Ontem comecei a reler Tzvetan Todorov para a revisão da nova edição de A Construção do Imaginário Cyber. Muita coisa aconteceu desde o fim do meu mestrado, em 2004, e a publicação da dissertação em formato de livro – obviamente. Daí a necessidade de um extreme makeover no texto, que, por motivos de deadline, acabou não incluindo uma série de autores que eu estava estudando então, Todorov entre eles.
Mas ontem, ao reler As Estruturas Narrativas, me ocorreu pela enésima vez o seguinte pensamento: como é possível escrever em um gênero determinado sem se apoiar no que veio antes? Claro, qualquer pessoa pode escrever o que bem desejar, mas escrever uma narrativa policial sem pelo menos conhecer parte do que veio antes quase sempre dá um péssimo resultado: o autor acaba reinventando a roda – e o que é pior, sem saber disso, o que só não é vexatório porque a maioria de seus leitores também não entende o suficiente do que veio antes para avaliar. Quem de vocês que me lê aqui e gosta do gênero já entendeu o comentário: será possível escrever uma narrativa de detetive de gabinete (do tipo em que o detetive não se envolve em brigas ou perseguições, mas resolve tudo com a inteligência, quase sem sair de casa) sem ter lido nada de Agatha Christie, Rex Stout ou talvez até mesmo Borges (autor com Bioy Casares do genial Don Isidro Parodi, que resolve os casos que lhe são apresentados sem sair da cela prisão em que se encontra)?
Impossível não pensar também na ficção científica, gênero em que me especializei tanto na escrita quanto na pesquisa acadêmica: quantos autores brasileiros mal conhecem meia dúzia de autores estrangeiros (o que dirá autores nacionais) e acabam produzindo textos absolutamente datados, porque tudo o que conhecem é o audiovisual do gênero, e mesmo assim talvez não passem da camada superficial hollywoodiana?

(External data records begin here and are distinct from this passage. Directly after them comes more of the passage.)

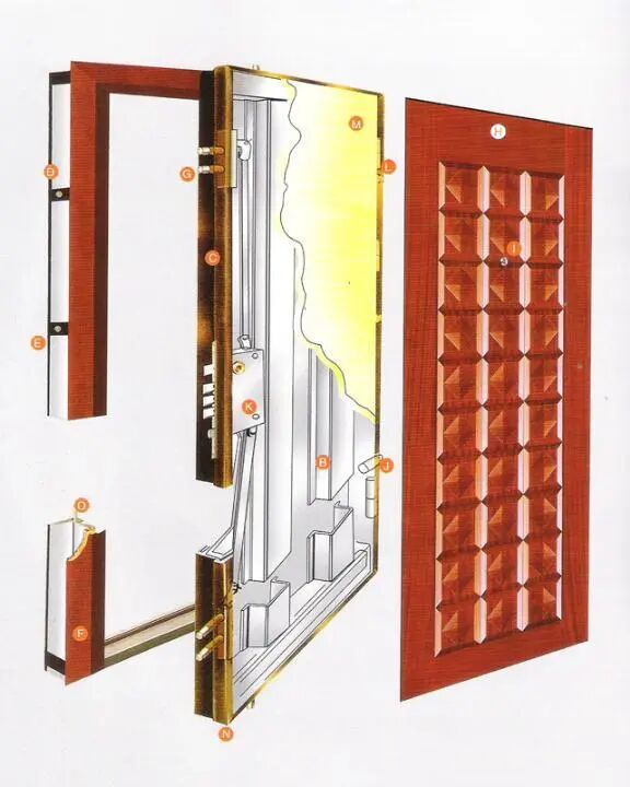 4.钢木门,价格适中,中间是木龙骨外面是钢板,表面贴了木纹饰面。优点是不易变形,环保、易清洁,价格低廉,缺点是非常沉,对合页和门框是一个考验,而钢木门的门套如果选用PVC贴膜的,久了可能有脱落的隐患,的造型和色彩一般比较呆滞。
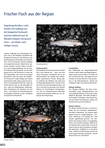 Das Seitenband der Regenbogenforelle schillert in allen Farben des Regenbogens – daher kommt auch ihr Name. Ihr Fleisch ist zart und dennoch fest, und eignet sich be- sonders für leichte Gerichte. Das Buchen- holz in der Räucherkammer verleiht der «Rubiger Forelle» eine dezente Rauchnote.
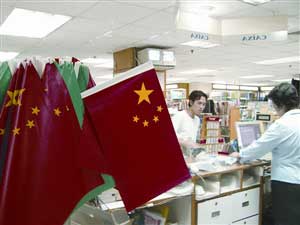 圣火傳遞中大派用場的國旗及區(qū)旗,近期已有居民及社團(tuán)趕購。星光書店有售的四號懸掛國旗,銷售量增加了兩成。另外,同有售國旗的聯(lián)盈體育用品公司負(fù)責(zé)人陳太表示,近期國旗銷售量較平時上升了兩成。她說,過去舉行活動,手搖國旗及四號懸掛旗最受歡迎,然而,國旗畢竟不是一般商品,商家不會以純商業(yè)角度去訂價。以手搖小紙旗為例,僅售兩元;至于四號懸掛國旗則賣六十元左右,不會定價過高。
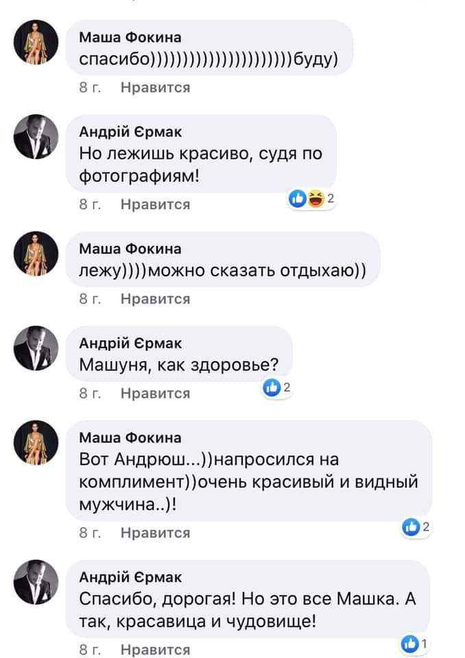 Также он выложил в сеть скрин переписки Ермака с Фокиной, свидетельствующий о теплоте и даже близости их отношений.

No passado, discuti essa questão muitas vezes com amigos do meio. Quase todos discordam (ou discordavam, sejamos justos) de mim, e tudo bem, porque ninguém é obrigado a concordar com tudo. Mas hoje, repensando as discussões, imagino que talvez eu não tenha me feito entender direito. Agora me ocorre que, nas discussões, nunca usei uma analogia que acho que pode explicar melhor o que quero dizer. A analogia é outra de minhas paixões e interesses, agora inclusive acadêmico: a música.
Senão, vejamos: quando alguém diz, quero montar um grupo de rock, pode até não saber tocar os instrumentos direito (estão aí os punks que não me deixam mentir), mas já têm uma noção muito boa do que querem tocar, por conta de milhares de horas ouvindo música em todos os seus formatos. Mesmo o punk dos anos 1970 que só queria (e só sabia) tocar três acordes já tinha ouvido muito blues, rock e outros bichos antes de decidir que não era nada disso que ele queria – e criar um som novo, mas que derivava dos anteriores. Os acordes estão presentes em todos gêneros musicais. Só a forma de tocar o instrumento varia.
Então, por que seria diferente na literatura? Por que alguém diz a si mesmo, vou escrever um livro de ficção científica com robôs (o que eu particularmente acho ótimo; não existem livros demais), mas só leu Eu, Robô (isso quando leu)? Onde, na bagagem literária dessa pessoa, entram R.U.R., Metrópolis, o Eu, Robô original (o título original vem de um conto de 1939 escrito por Eando Binder, pseudônimo usado pelos irmãos Earl e Otto Binder, este último aliás criador da Supergirl da HQs)? E as narrativas mais recentes, como O Homem Bicentenário, Blade Runner, os Moravecs em Ilium, de Dan Simmons, e o Murderbot dos livros de Martha Wells?
O que leva alguém a pensar que vai escrever um livro genial (ou mesmo um livro que preste minimamente) se não leu nada do que veio antes na sua área? Uma questão para pesquisa.